From the foregoing, it will be observed that automatic call answering arrangement of the embodiment of the present invention is based on to forming unit 401 in social platform by question and answerSocial data formed multiple question and answer pair, the question and answer are to including then problem and its corresponding answer establish unit by index402 establish the inverted index of the problem and its phrase, obtain search problem by problem acquiring unit 403, and ask according to the retrievalThe problem of topic phrase and the inverted index determine and phase near problem similar in the search problem, by candidate answers acquiring unit404 according to the phase near problem and the question and answer to obtaining the candidate answers of search problem, obtain the candidate answers collection of search problemIt closes, answer selection unit 405 chooses the target answer of the search problem from the candidate answers set.The program can be inquired firstWith phase near problem similar in search problem, and the corresponding answer of phase near problem is inquired, then is chosen most in the answer of slave phase near problemSuitable answer, therefore, the program can export the answer to match with search problem, improve chat robots system outputThe accuracy and quality of answer.

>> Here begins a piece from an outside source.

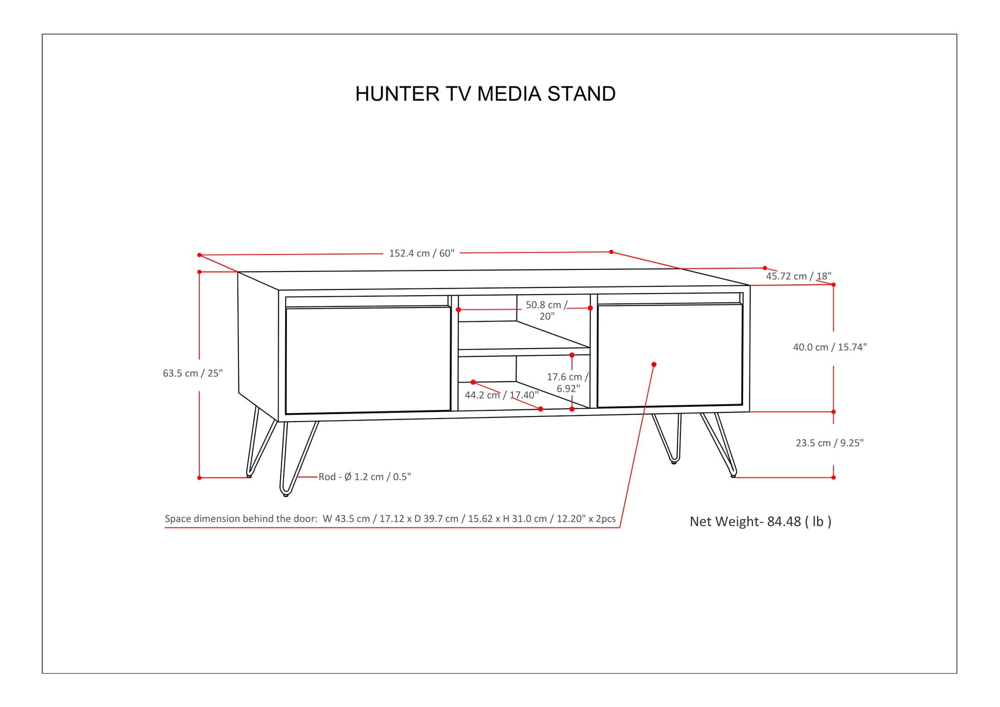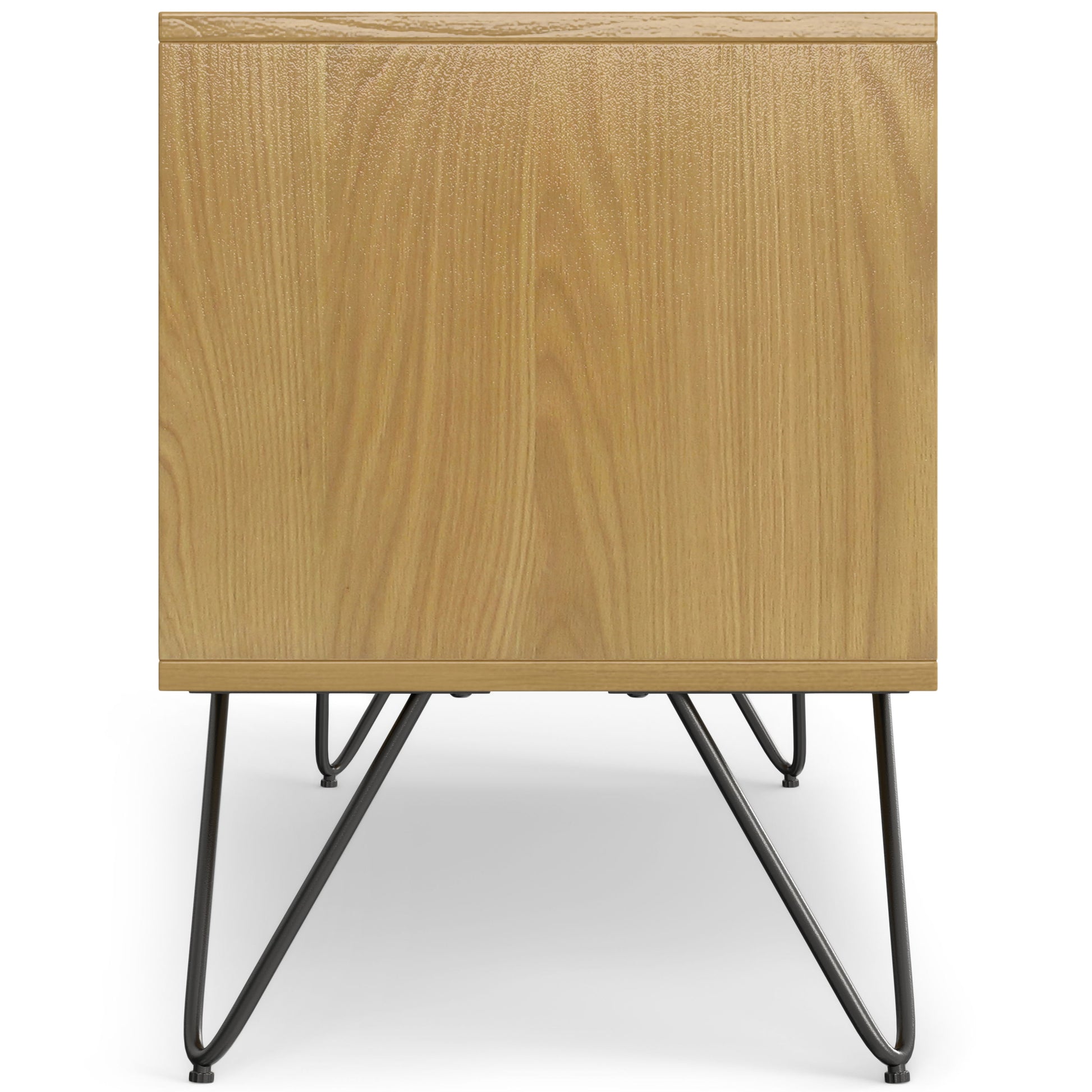 - Features two (2) side cabinets with two (2) adjustable shelves and soft closing hinges with open central space with one (1) shelf and four (4) black iron hairpin legs

One of ordinary skill in the art will appreciate that all or part of step in the various methods of above-described embodiment is canIt is completed with instructing relevant hardware by program, which can be stored in a computer readable storage medium, storageMedium may include:Read-only memory (ROM, Read Only Memory), random access memory (RAM, RandomAccess Memory), disk or CD etc..
It is provided for the embodiments of the invention a kind of automatic question-answering method above and device is described in detail, hereinApplying specific case, principle and implementation of the present invention are described, and the explanation of above example is only intended to helpUnderstand the method and its core concept of the present invention;Meanwhile for those skilled in the art, according to the thought of the present invention, havingThere will be changes in body embodiment and application range, in conclusion the content of the present specification should not be construed as to the present inventionLimitation.